◆ What you will do: Wherever a picture appears, skip it and retype the rest of the data exactly.

◆ The data:
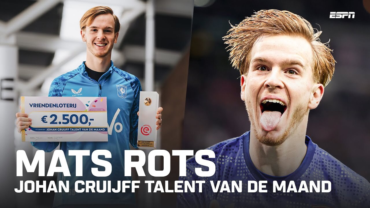Fresia Cousiรฑo Arias reist naar Enschede om Mats Rots de Johan Cruijff Talent van de Maand-trofee uit te reiken.
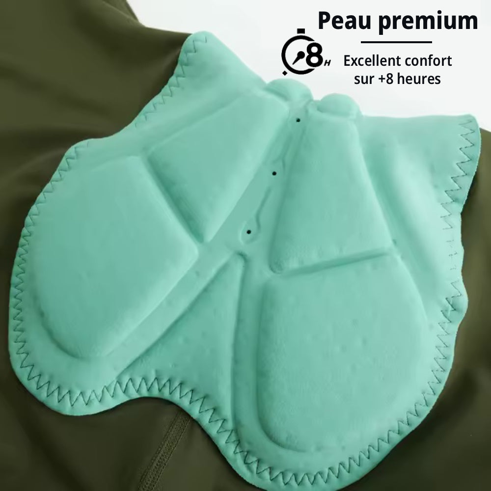 La peau de chamois conçue pour les longues distances offre un excellent maintien jusqu’à 8 heures en selle.
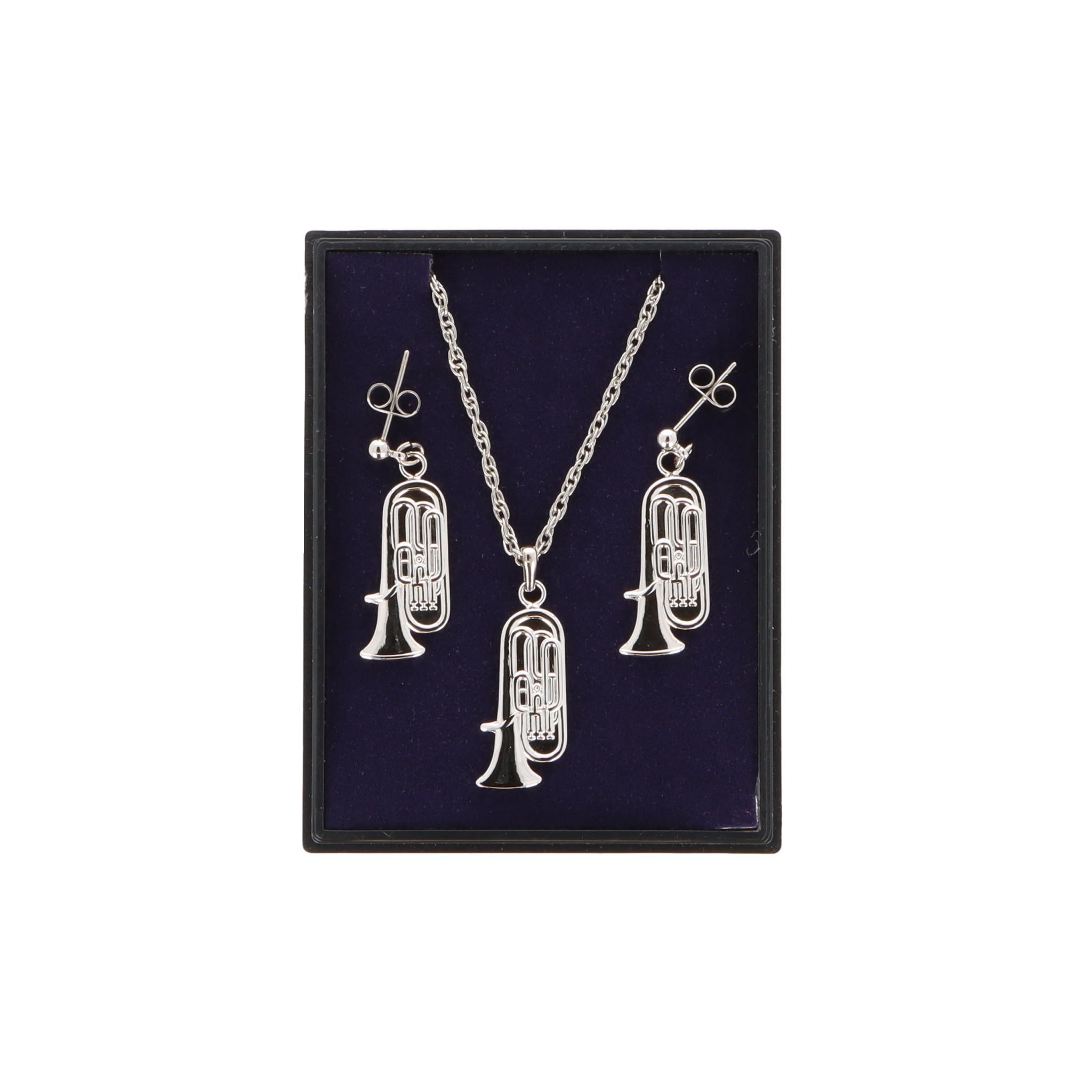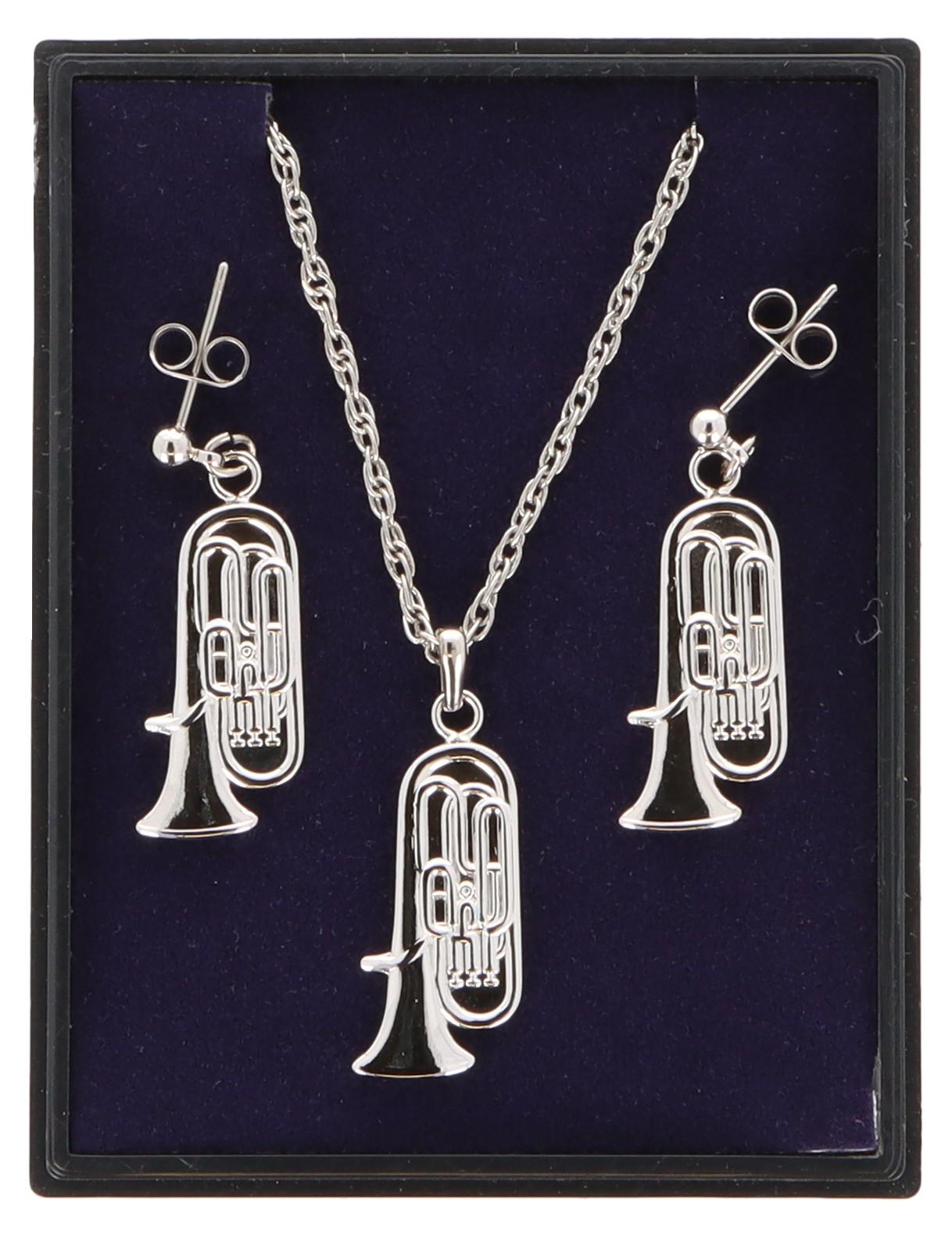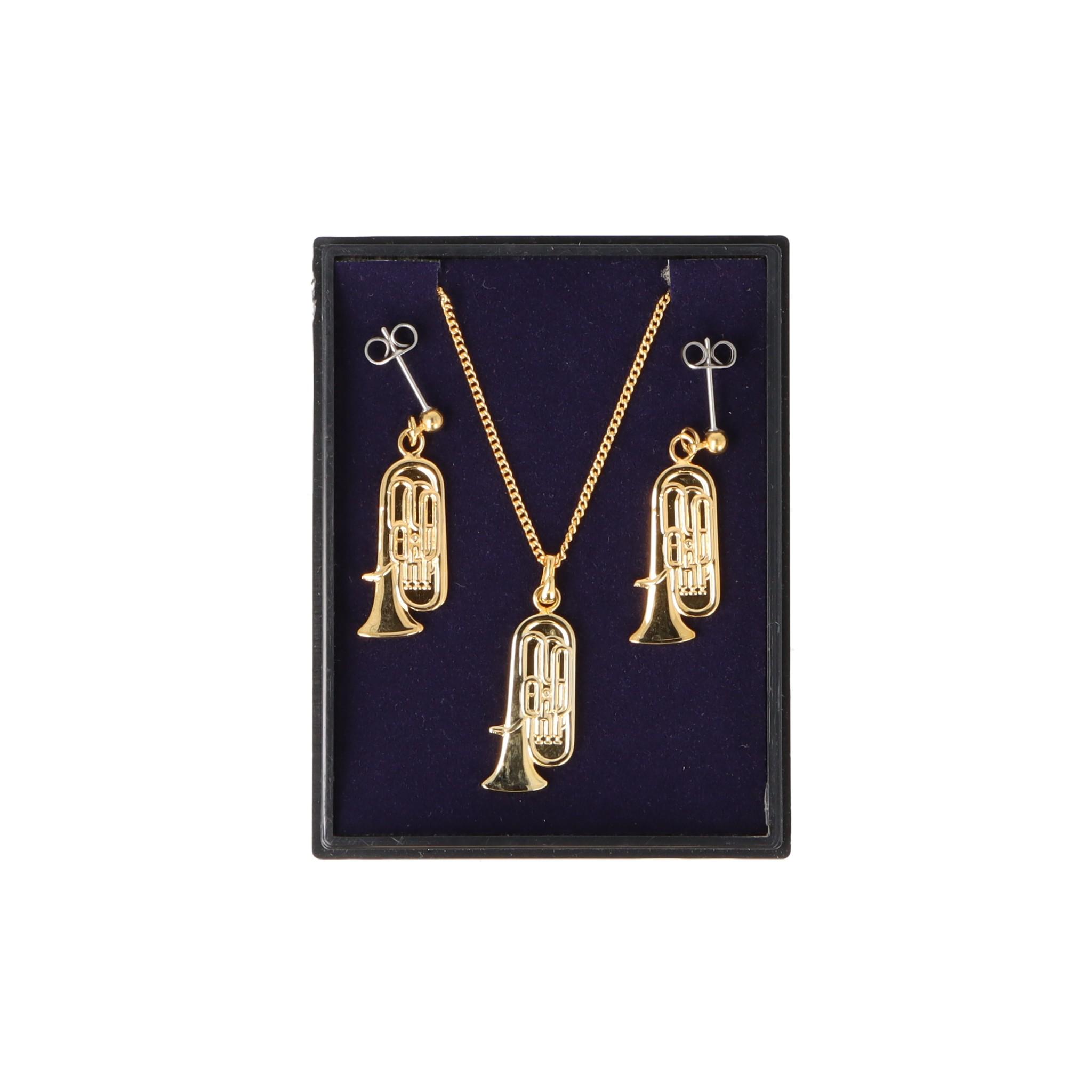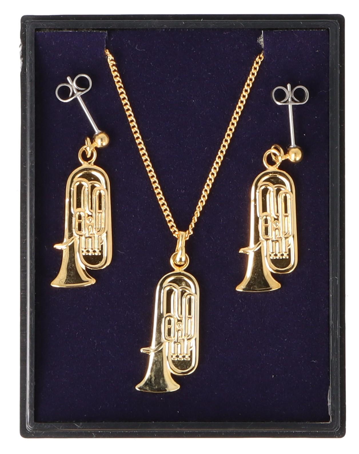 Tuba Ohrhänger und Anhänger mit Kette in Displaybox, versilbert oder vergoldet, Blasmusik

◆ The answer:
Fresia Cousiรฑo Arias reist naar Enschede om Mats Rots de Johan Cruijff Talent van de Maand-trofee uit te reiken.
 La peau de chamois conçue pour les longues distances offre un excellent maintien jusqu’à 8 heures en selle.
 Tuba Ohrhänger und Anhänger mit Kette in Displaybox, versilbert oder vergoldet, Blasmusik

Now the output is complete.